• **Problem details**
Each word in the data below should be copied exactly; the images should not.

• **Dataset content**

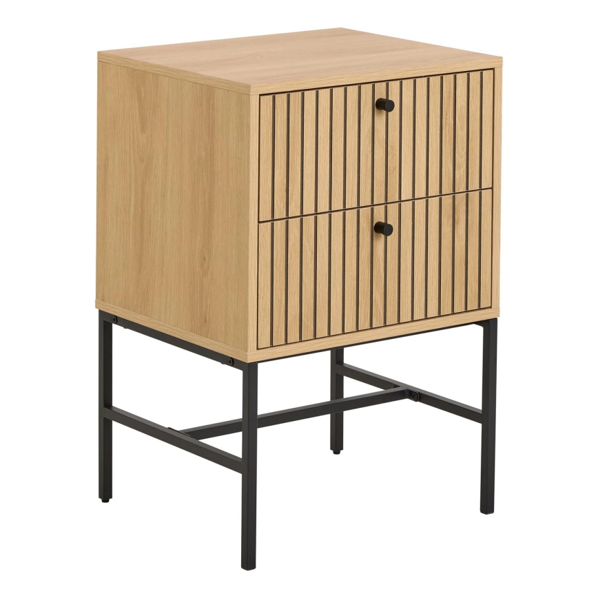 • Questo comodino con finitura effetto rovere e frontale a lamelle dona alla tua casa stile e praticità.
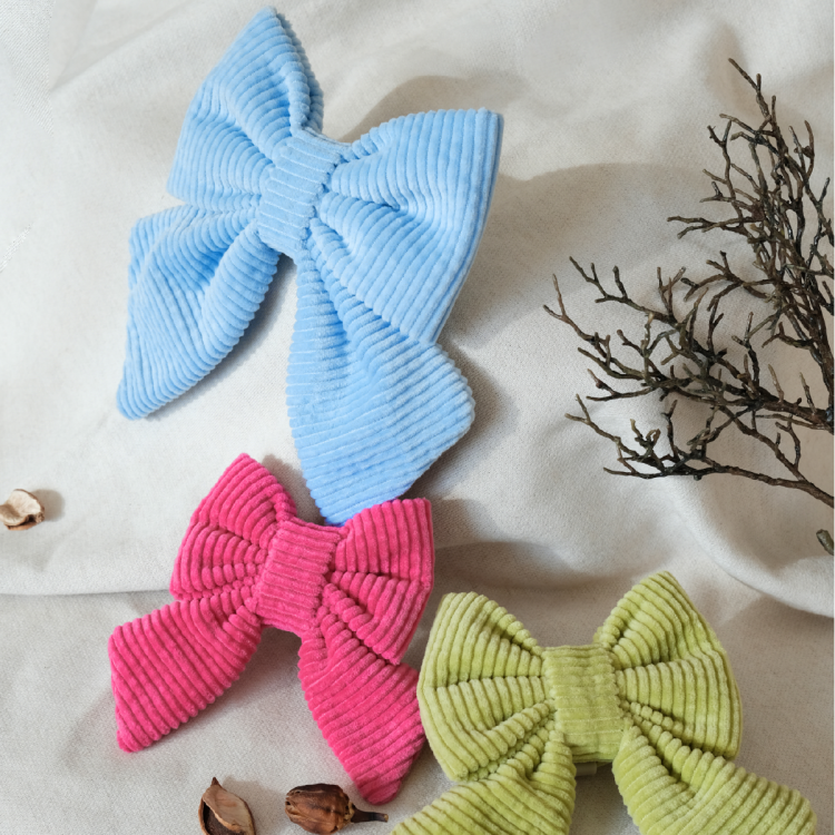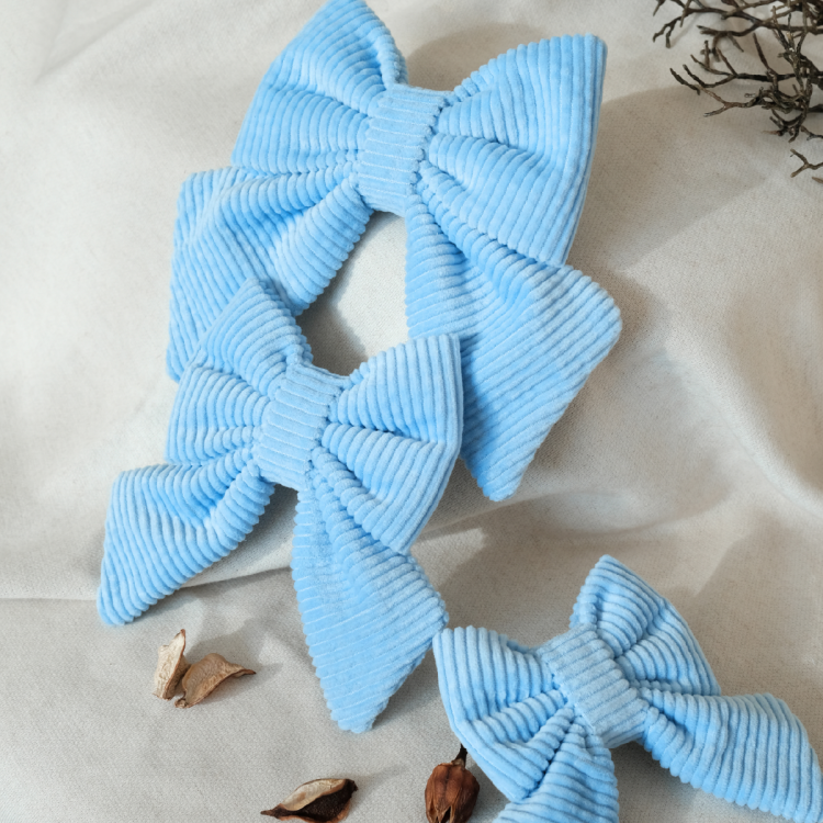 겨울의 따스함을 담은 하늘빛 코듀로이 강아지 리본
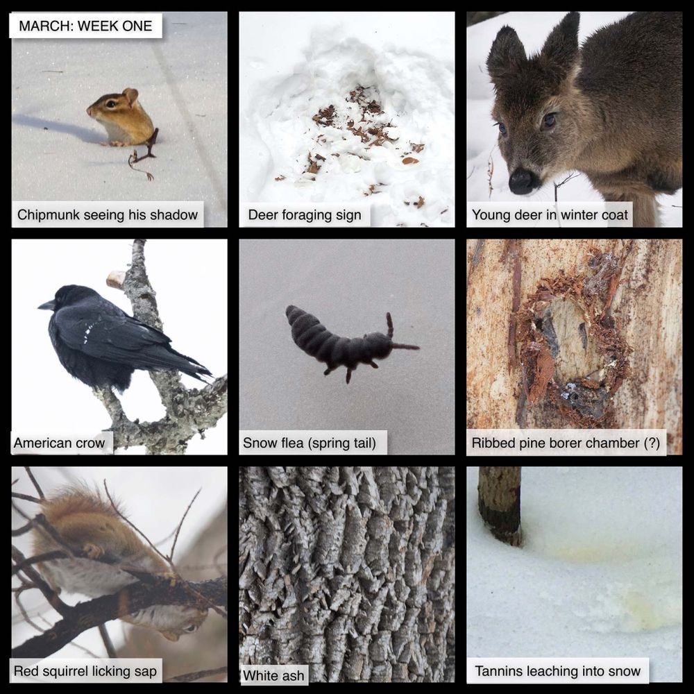 In this difficult period, many of us find joy in observing local nature, and many families are seeking outdoor enrichment opportunities for children. Here are nine photographs taken this past week, most within 15 miles of the Northern Woodlands office in Lyme, New Hampshire. We hope you enjoy using this grid as a prompt for your own explorations, or as the basis for a game of family forest tic-tac-toe.

• **Solution to the problem**
 • Questo comodino con finitura effetto rovere e frontale a lamelle dona alla tua casa stile e praticità.
 겨울의 따스함을 담은 하늘빛 코듀로이 강아지 리본
 In this difficult period, many of us find joy in observing local nature, and many families are seeking outdoor enrichment opportunities for children. Here are nine photographs taken this past week, most within 15 miles of the Northern Woodlands office in Lyme, New Hampshire. We hope you enjoy using this grid as a prompt for your own explorations, or as the basis for a game of family forest tic-tac-toe.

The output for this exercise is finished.